Le massacre des gardes nationaux de Mortagne eut lieu dans le bas-fond situé entre la Barillère et Melay, près de la Gouraudière. Les cadavres furent ensevelis çà et là dans les sillons et surtout "dans les gueules des fossés, presque à fleur de terre."

Boutillier de Saint-André - alors âgé d'une douzaine d'années - évoquait plus tard le souvenir de cette journée tragique et des suivantes où, à Mortagne, "les femmes, les enfants de ces malheureuses victimes parcouraient les rues en demandant partout leurs parents assassinés". Mais que pouvaient les habitants d'une petite ville sans fortifications sérieuses, "entourés d'une troupe immense de révoltés" ? Un certain nombre de Mortagnais se retirèrent à Cholet qui paraissait posséder quelques possibilités de résistance ... D'autres se cachèrent dans la vallée de la Sèvre. Dans les villages, tous les hommes capables de marcher furent contraints de se rendre aux rassemblements sous peine de mort ...

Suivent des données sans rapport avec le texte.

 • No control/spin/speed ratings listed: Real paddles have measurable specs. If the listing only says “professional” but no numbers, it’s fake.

En 1800, la veuve du baron de Douhet, alors âgée de 62 ans, n'avait pas encore touché la pension qu'elle avait demandée "comme veuve d'un officier mort en combattant". Le 14 pluviôse, an VIII (3 février 1800), elle chargeait son compatriote, Boutillier des Hommelles, acquéreur de la Vachonnière, d'écrire une lettre à Chapelain, alors administrateur du département de la Vendée. "Elle la mérite, cette pension, disait Boutillier, parce qu'elle est pauvre et sans espérance d'en jouir longtemps ..."

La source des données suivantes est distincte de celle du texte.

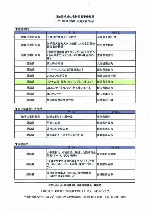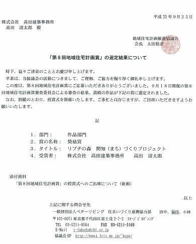 ・ 2013年9月25日、地域住宅計画推進協議会主催「第8回地域住宅計画賞」において、(株)高田建築事務所は、2013第8回地域住宅計画賞作品部門で「リプチの森 間知(まち)づくりプロジェクト」は奨励賞を受賞することが出来た。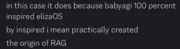 「在这种情况下,这种说法确实成立,因为 ElizaOS 的灵感**来源于 BabyAGI。这里的「灵感」几乎可以理解为,BabyAGI 实际上奠定了 RAG (Retrieval-Augmented Generation,检索增强生成) 技术的基础。」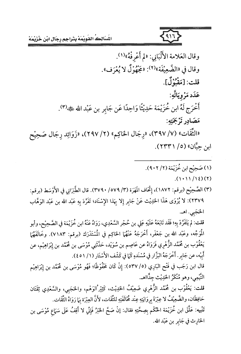 كتاب المسالك القويمة بتراجم رجال ابن خزيمة في الصحيح، والتوحيد، والفوائد (اسم الجزء: 2)

Société des Sciences, Lettres & Beaux-Arts de Cholet - 1960 - p. 67 - 70

* Marie-Anne-Marguerite PORTAIL, fille de Daniel Portail et de Marie-Anne de Langis avait épousé, en premières noces, René-Marin de Rangot, écuyer, sieur de la Guillotière, le 9 janvier 1752 à Montaigu. Devenue veuve, elle épousa François de Douhet, le 8 septembre 1772 à Anxaumont (86).